Co-founder Mike Arboit claimed it was funny to see the animal try to become a member of TFN.

But said it wasn't surprising considering the demand for the studios' use during its free biannual coworking week, which took place from Aug. 8 to 11.

"Probably about 50 [entrepreneurs and content creators] in total," Arboit added.

"Our busiest day was Friday for sure out of all the days. It's such a different type of industry....It's different all the time."

During coworking week, interested users had exclusive access to TFN's lounge, its wired hot desks at 55 inches apart, high speed internet, media studios, workshop classrooms and board rooms.

At least, everyone except the bear.

Recent bear sightings

This the latest of a number of recent bear sightings across the Tri-Cities — primarily Coquitlam and Port Coquitlam.

As of Tuesday (Aug. 15), the City of Coquitlam has enforced a food ban for three parks on Burke Mountain resulting from an increase in bear activity in the neighbourhood.

This includes Hockaday and Galette parks, as well as Karley Crescent near the Coquitlam River where it was reported some bears tried to access garbage, coolers and picnics.

Earlier this month, an eight-year-old girl saved her one-year-old brother from a potential bear encounter in Coquitlam's Ranch Park area as it crept near the driveway while the two were outside.

Juliet Biron saw the animal, calmly walked towards Jax, picked him up and briskly went back into the house.

@tricitynews Bears, bears, bears. 🐻⚠️ #tricitynews #coquitlam #portcoquitlam #bear #bears #bearsoftiktok #bearsighting ♬ News Report Serious VTR(1406117) - howlingindicator

Four bears, meanwhile, were caught on video wrestling in the backyard of a Harbour Chines residence, and another was found eating berries off the bushes near the gravel field at Maple Creek Middle School.

"Bears have a strong sense of smell, meaning it only takes a small amount of food to attract them to your picnic or property," said Coquitlam environment manager Caresse Selk in an earlier statement.
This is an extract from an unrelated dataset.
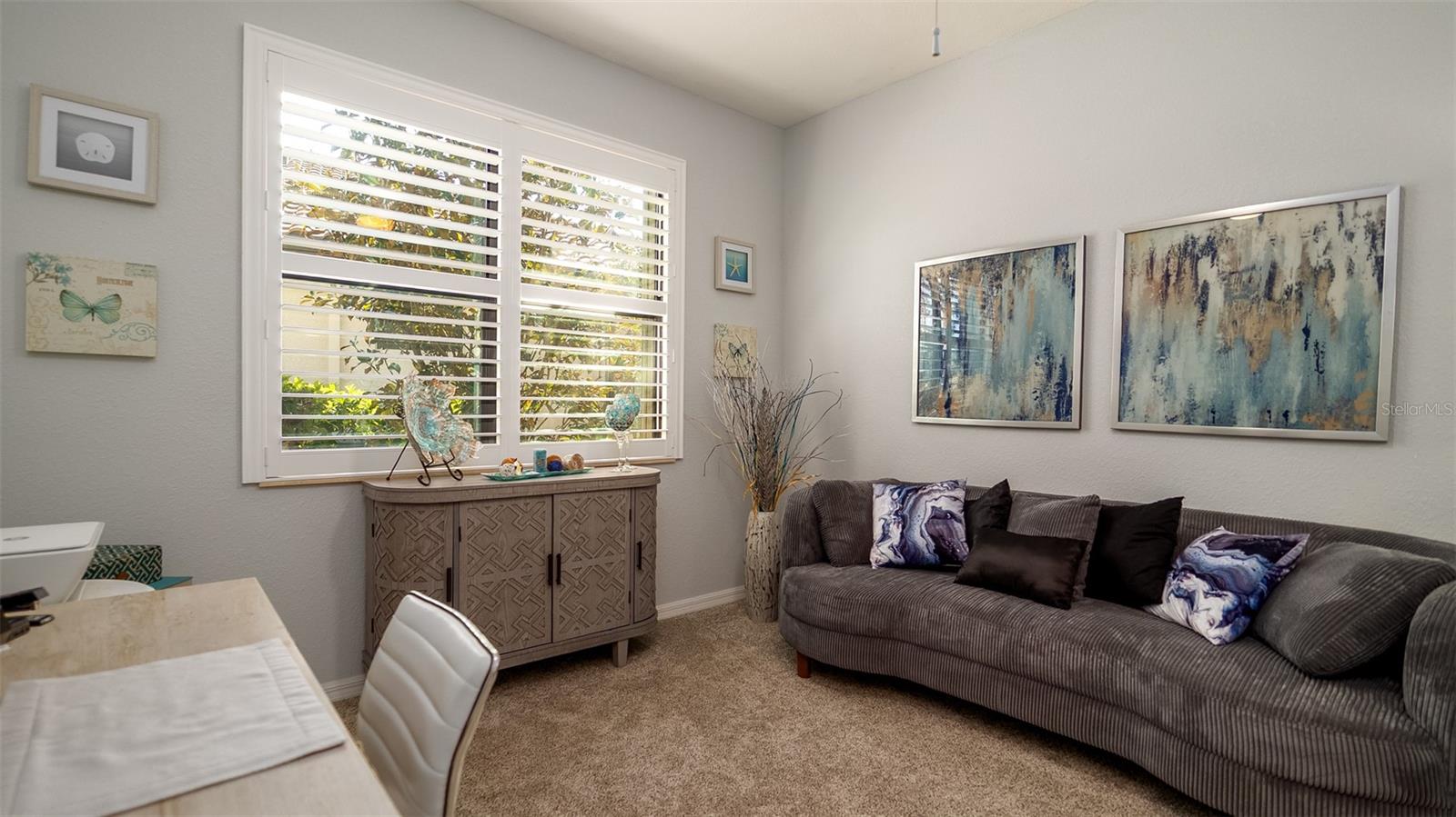 Discover luxury living nestled within the prestigious Gran Paradiso community of Wellen Park. This meticulously maintained 2-bedroom, 2-bath Tuscan-inspired home plus a versatile den offers both comfort and sophistication. Step inside to find an open-concept split bedroom layout adorned with crown molding, plantation shutters, and upgraded fixtures. The gourmet kitchen features granite countertops, stainless steel appliances, and a spacious tiled breakfast bar, perfect for entertaining. Retreat to the expansive master suite, complete with his-and-hers closets, dual sinks, a walk-in shower, and a separate soaking tub—your private spa-like escape. Outside, a tranquil screened lanai invites you to unwind and soak up the Florida sunshine. This property features a dedicated, fully fenced & gated dog run, offering a secure and spacious area for your pets to roam and play. The home also boasts user friendly WIFI remote hurricane and accordion shutters, rain gutters, and a mud/laundry room off the 2 car garage, providing functionality and peace of mind. Live the Resort Lifestyle at Gran Paradiso! Gran Paradiso is a guarded and gated, master-planned community offering world-class resort-style amenities: Grand Clubhouse – A luxurious 20,000 sq. ft. clubhouse with a state-of-the-art fitness center, sauna, steam room, and activity rooms. Expansive Resort Pool & Spa – Take a refreshing dip in the zero-entry heated pool and spa, surrounded by lush landscaping. Tennis & Pickleball Courts – Stay active with lighted courts for year-round play.Walking & Biking Trails – Enjoy miles of scenic paths winding through nature preserves and picturesque lakes. Social Calendar – A vibrant community offering yoga, card games, group outings, and seasonal events. Low-Maintenance Living – HOA fees include cable & internet for just $42/month, all lawn care including mowing, pruning, mulching, weeding, exterior maintenance including paint every 7 years as well as roof replacement, and more! With Wellen Park’s charming shops, restaurants, and entertainment just minutes away, this home is a rare find in one of the most sought-after communities in Southwest Florida. Seller motivated. Furniture negotiable. Call to schedule your private tour today!

"Unsecured garbage continues to be the most common bear attractant in Coquitlam. This is a problem because bears that become used to eating garbage can become unpredictable, and increase the risk to public safety."

Bear safety tips

WildSafeBC lists the following tips to avoid bear encounters:

  • Keep your garbage in or secured somewhere not accessible to wildlife until the day of collection
  • Keep carts and bins odour-free by freezing smelly garbage and food waste until collection day and regularly cleaning them
  • Manage your fruit trees
    • Don’t let windfalls accumulate, and pick fruit as it ripens
    • If you don’t want the fruit, consider...
      • Accessing a fruit gleaning group in your community
      • Washing the blossoms off in the spring so the fruit doesn’t set
      • Replacing the tree with a non-fruit bearing variety
  • Don’t put out bird feeders when bears are active
    • A kilo of bird seed has approximately 8,000 calories and is a great reward for a hungry bear
  • Keep your compost working properly with lots of brown materials and a regular schedule of turning
  • If you have livestock or backyard chickens use a properly installed and maintained electric fence to keep bears and livestock apart

The public is being reminded to also check your surroundings when out in the back country as bears are known to hang out in trees.